### MATERIAL PROVIDED ###
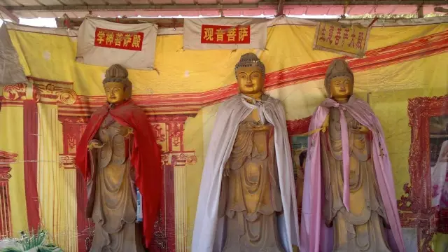 这三尊佛,后面分别是学神菩萨、观音菩萨和生意菩萨。把这仨换一下,它也没问题,多么灵活。
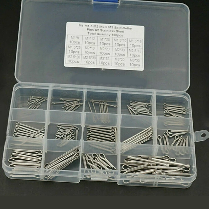 150/230/340PCS Stainless Steel Cotter Pin Kit,304 Stainless Steel Split Pin Asso
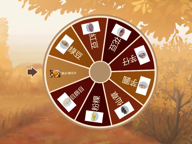 1) 綠豆 2) 紅豆 3) 花豆 4) 芋仔 5) 芋圓 6) 仙草 7) 粉粿 8) 目篩目 9) 礤冰/燒冷冰
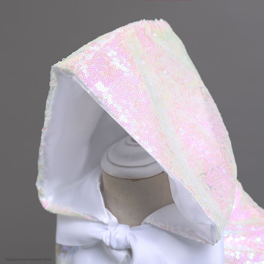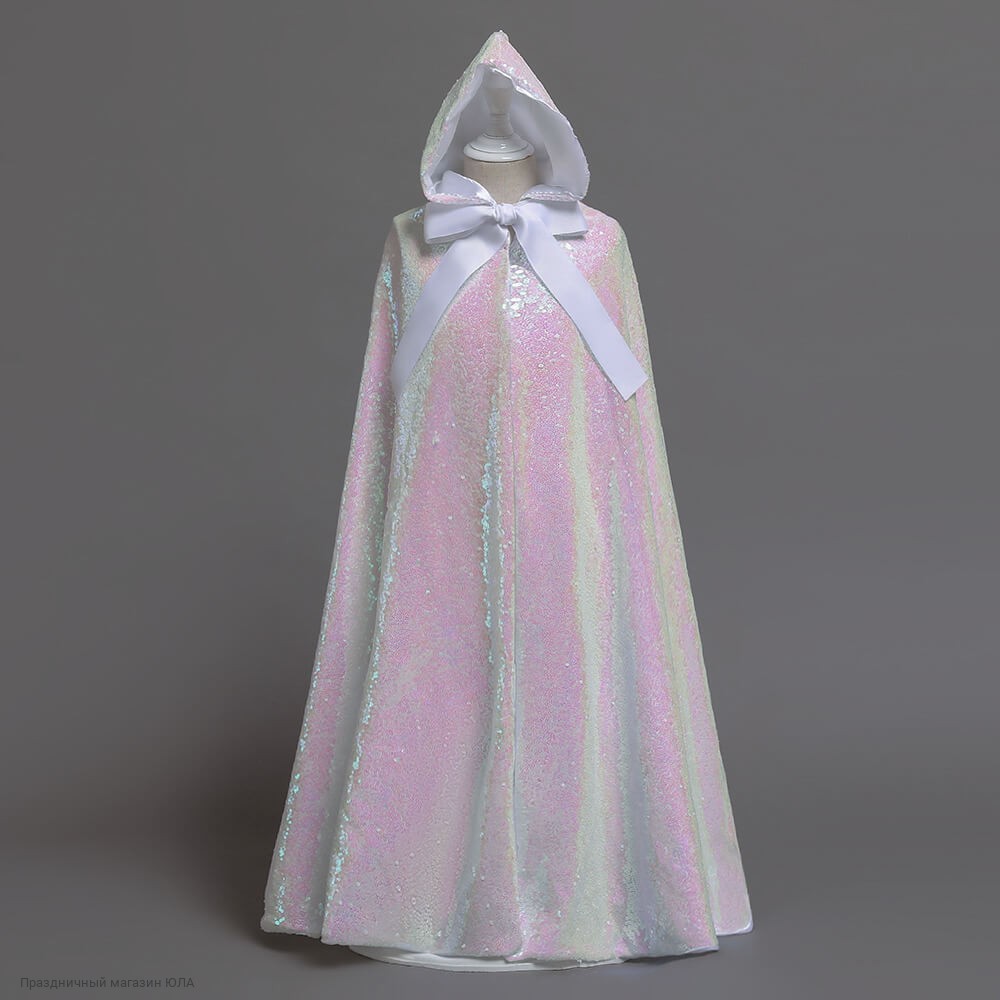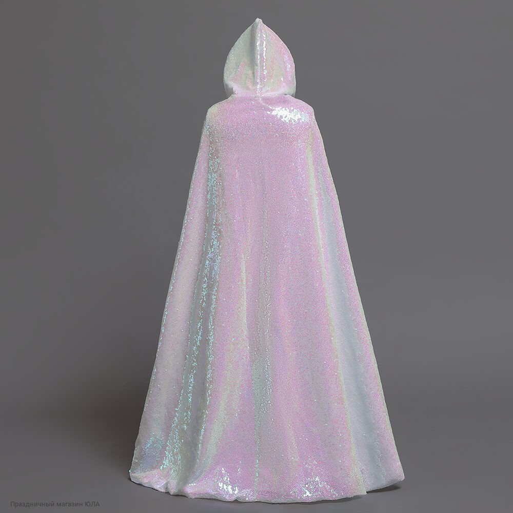 Блестящая накидка из ткани с пайетками, с подкладом и капюшоном. Длина накидки без капюшона - 85 см, с капюшоном - 115 см. Ширина по подолу - 260 см.
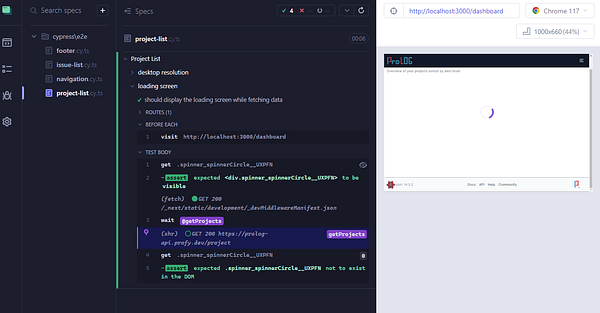 create cypress test for loading screen #reactjobsimulator
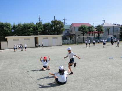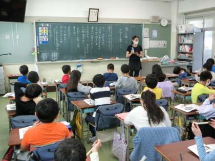 図工では「わたしたちのまち」という題材に取り組みました。まず画用紙にセロハンテープを貼って道を描きます。その後、背景を絵の具で塗りました。セロハンテープが絵の具をはじくので、とてもきれいに描いています。色使いがとても上手でした。日本語では「筆を使って文字を書こう」という単元を学習に入りました。今日は実際に筆を触って、その感触を確かめていました。来週は鈴木先生をおよびして、実際に墨を使って文字を書く予定です。体育館はゴムとび、なわとび、フラーフープなどを使って、楽しく体を動かしています。
###
WORK INSTRUCTIONS: Up to and including the line containing "1) 綠豆 2) 紅豆", repeat every line from the start of the data, but none of the pictures.

OUTPUT BELOW:
 这三尊佛,后面分别是学神菩萨、观音菩萨和生意菩萨。把这仨换一下,它也没问题,多么灵活。
 150/230/340PCS Stainless Steel Cotter Pin Kit,304 Stainless Steel Split Pin Asso
 1) 綠豆 2) 紅豆 3) 花豆 4) 芋仔 5) 芋圓 6) 仙草 7) 粉粿 8) 目篩目 9) 礤冰/燒冷冰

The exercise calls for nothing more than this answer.